To get a feeling for the emptiness of the universe, compare its density \(\left(4 \times 10^{-28} \mathrm{kg} / \mathrm{m}^{3}\right)\) with that of Earth's atmosphere at sea level \(\left(1.2 \mathrm{kg} / \mathrm{m}^{3}\right) .\) How much denser is Earth's atmosphere? Write this ratio using standard notation.

Density is a core concept in understanding many physical phenomena. It measures how much mass is contained in a given volume. Mathematically, it is defined by the formula: \( \rho = \frac{m}{V} \), where \( \rho \) represents density, \( m \) denotes mass, and \( V \) stands for volume. A higher density indicates that there is more mass packed into a particular space. For example, metals like iron have a much higher density compared to substances like water or air.

The universe is immense and mostly empty, making it a fascinating area of study in astronomy. One of the striking characteristics of the universe is its incredibly low average density. On average, the density of the universe is around \( 4 \times 10^{-28} \text{kg/m}^3 \). This extremely low density is due to the vast spaces between celestial objects, such as stars and galaxies. Despite the occasional dense clusters of matter in the form of stars, planets, and galaxies, most of the universe is empty space, creating a stark contrast with the more familiar densities we encounter here on Earth.

Closer to home, the density of Earth's atmosphere varies greatly with altitude. At sea level, the density is about \( 1.2 \text{kg/m}^3 \). This density means that there is 1.2 kilograms of atmospheric gases, primarily nitrogen and oxygen, per cubic meter of space. This atmospheric layer is thick enough to support life by providing essential gases and protecting us from harmful solar radiation.

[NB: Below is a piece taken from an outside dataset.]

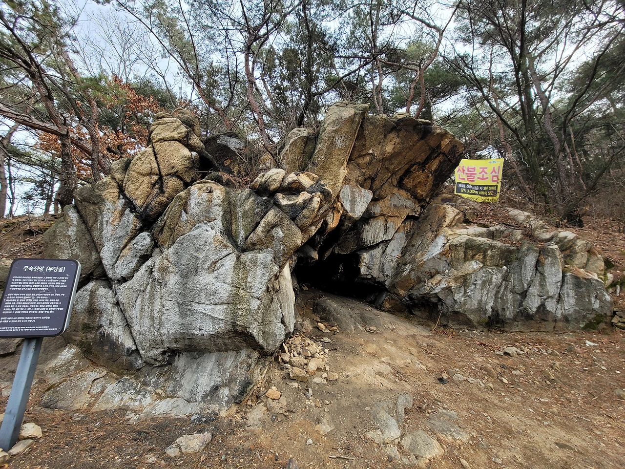 숲속 길을 따라 오르다가 다시 한 번 연주대 가는 길을 지나치면 전망 좋은 쉼터에 이르는데 그곳이 무당골이다. 쉼터 바로 옆에 안으로 움푹 파인 거대한 바위가 있고 바위 아래 기도 드린 흔적이 남아 있다. 옛날부터 이곳은 무속신앙의 현장이었던 것이다. 바위 형상이 대단히 특이하다. 그 부근의 숲속 길은 굽이쳐 돌아가는 모양이다.
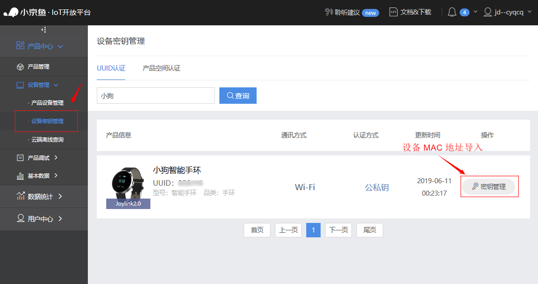 创建产品之后,正常应该是创建新设备,京东云提供 设备密钥管理 机制,通过表格传入的设备 MAC 地址生成该 MAC 地址设备特有的Private Key(设备私钥),用于设备激活认证。

Ratio calculation helps us compare different quantities in a meaningful way. In this exercise, we compare the density of Earth's atmosphere to the density of the universe by calculating their ratio. We use the formula: \( \text{Ratio} = \frac{\rho_{\text{atmosphere}}}{\rho_{\text{universe}}} \). Plugging in the given values: \( \rho_{\text{atmosphere}} = 1.2 \text{kg/m}^3 \) and \( \rho_{\text{universe}} = 4 \times 10^{-28} \text{kg/m}^3 \), the ratio calculation becomes: \( \text{Ratio} = \frac{1.2}{4 \times 10^{-28}} = 0.3 \times 10^{28} = 3 \times 10^{27} \). This indicates that Earth's atmosphere is \( 3 \times 10^{27} \) times denser than the universe, highlighting just how sparse matter is distributed in the vast expanse of space.